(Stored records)
=== Section Start ===

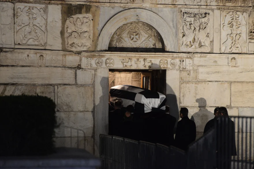 Το κλίμα έχει όλο και πιο συγκηνησιακό την ώρα της εξόδιου λειτουργίας, αλλά και στον επικήδειο του Παύλου, πρωτότοκου γιου.
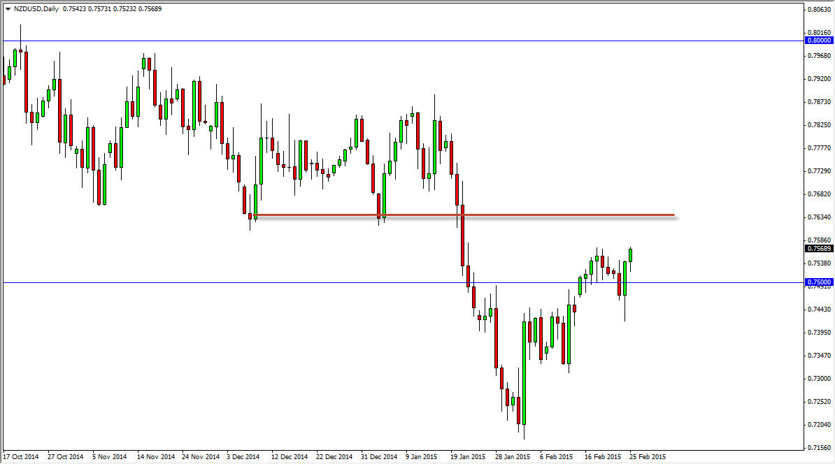 The NZD/USD pair initially fell during the session on Wednesday, but as you can see turned things back around to form a hammer. That being the case, the market looks as if it is ready to continue going higher, but I suspect that there is a significant amount resistance at the 0.7650 level. That was an area of significant support previously, so would not surprise me at all if we see selling pressure in that area. I also see significant support near the 0.74 handle, so at this point in time it’s difficult to imagine this market moving too quickly. I think in the short-term we will go higher, but I am actually more impressed by selling this market if we get a resistant candle just above.
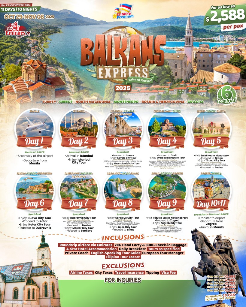 11d/10n Balkans Express 2025 – Tales of Europe If you are interested to join this tour, please fill in your details below: ← BackThank you for your interest! A member of our team will get in touch with you. Name(required) Email Address(required) Mobile Number(required) SendSubmitting form Δ
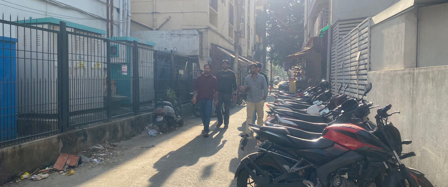 The site is the 300m conservancy lane between Anjaheya Temple Street and Netta Kalappa Circle, with the pilot area proposed for a 100m stretch, until D V Gundappa Road. The conservancy lane is already paved and used by residents as an access road by pedestrians and vehicles.
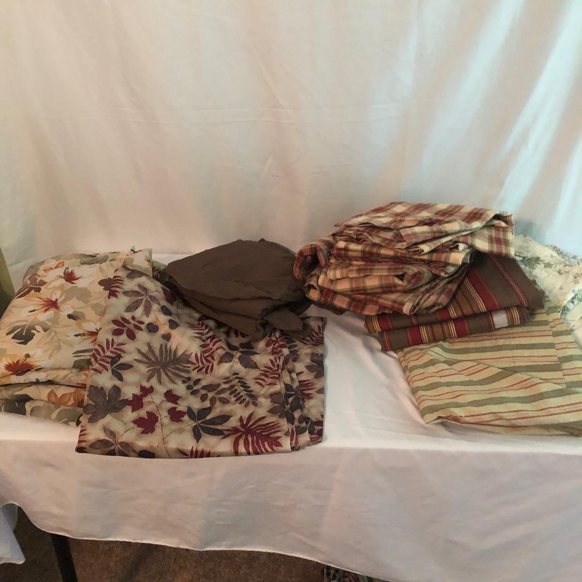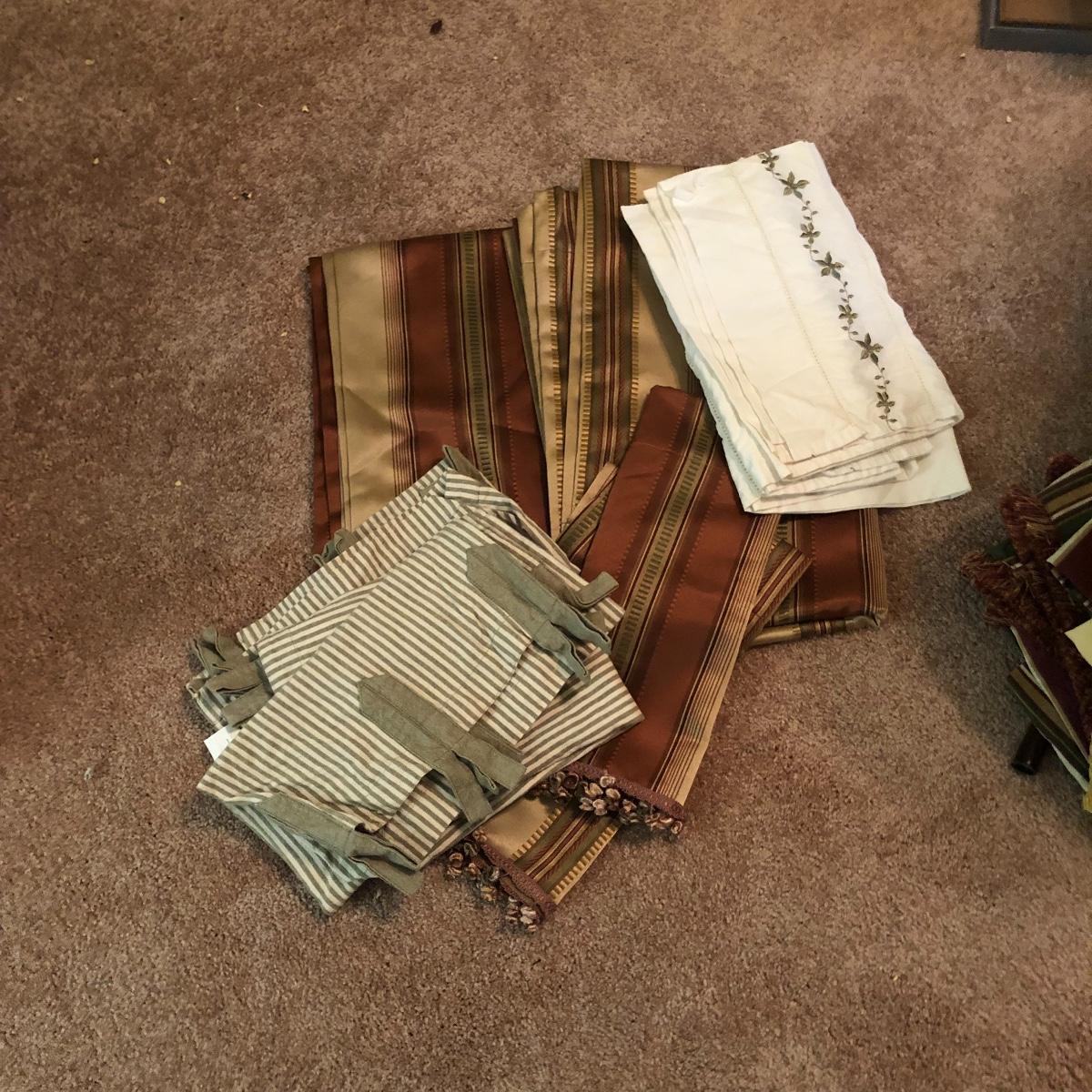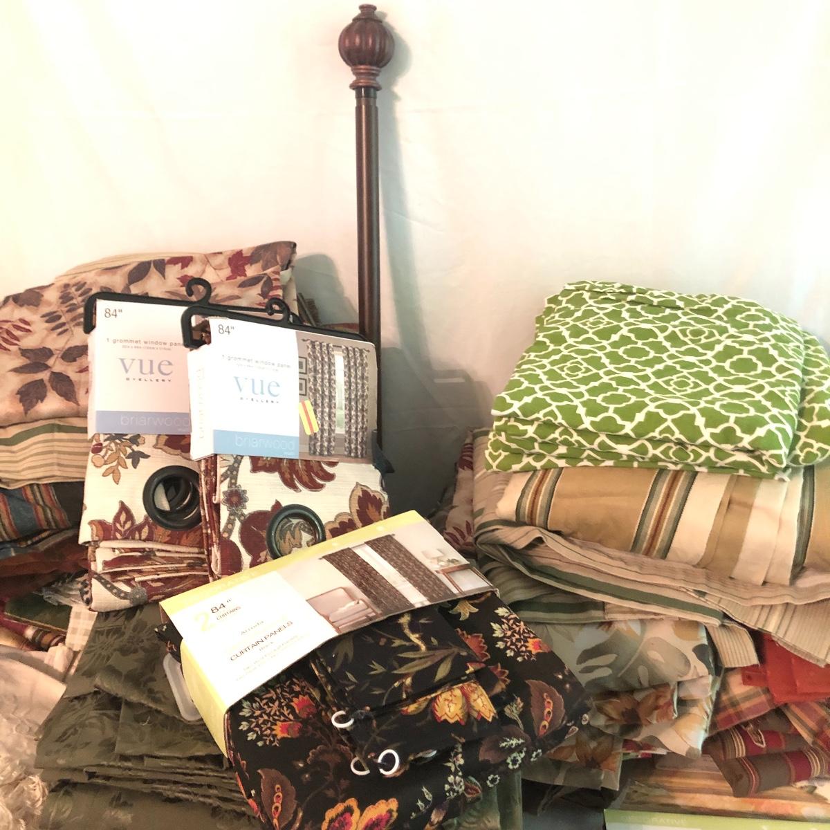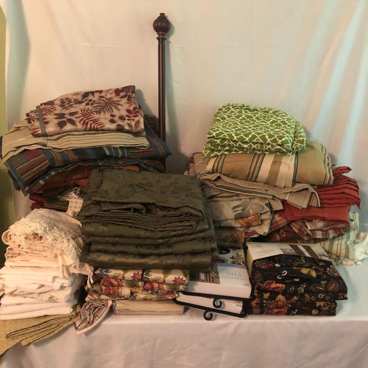 There are plenty of options for you in this lot that contains literally well over 40 Curtains, 1 adjustable aged Bronze colored curtain rod and a handful of valances. A good amount of these curtains are still in their packaging. Tab top and rod drapes make up the majority of them. The set of six green damask curtains each measure 42” x 50” and are designed to have a rod inserted.

=== Section End ===

Work item:
Please give the data again unaltered, leaving out any images.

Answer section:
 Το κλίμα έχει όλο και πιο συγκηνησιακό την ώρα της εξόδιου λειτουργίας, αλλά και στον επικήδειο του Παύλου, πρωτότοκου γιου.
 The NZD/USD pair initially fell during the session on Wednesday, but as you can see turned things back around to form a hammer. That being the case, the market looks as if it is ready to continue going higher, but I suspect that there is a significant amount resistance at the 0.7650 level. That was an area of significant support previously, so would not surprise me at all if we see selling pressure in that area. I also see significant support near the 0.74 handle, so at this point in time it’s difficult to imagine this market moving too quickly. I think in the short-term we will go higher, but I am actually more impressed by selling this market if we get a resistant candle just above.
 11d/10n Balkans Express 2025 – Tales of Europe If you are interested to join this tour, please fill in your details below: ← BackThank you for your interest! A member of our team will get in touch with you. Name(required) Email Address(required) Mobile Number(required) SendSubmitting form Δ
 The site is the 300m conservancy lane between Anjaheya Temple Street and Netta Kalappa Circle, with the pilot area proposed for a 100m stretch, until D V Gundappa Road. The conservancy lane is already paved and used by residents as an access road by pedestrians and vehicles.
 There are plenty of options for you in this lot that contains literally well over 40 Curtains, 1 adjustable aged Bronze colored curtain rod and a handful of valances. A good amount of these curtains are still in their packaging. Tab top and rod drapes make up the majority of them. The set of six green damask curtains each measure 42” x 50” and are designed to have a rod inserted.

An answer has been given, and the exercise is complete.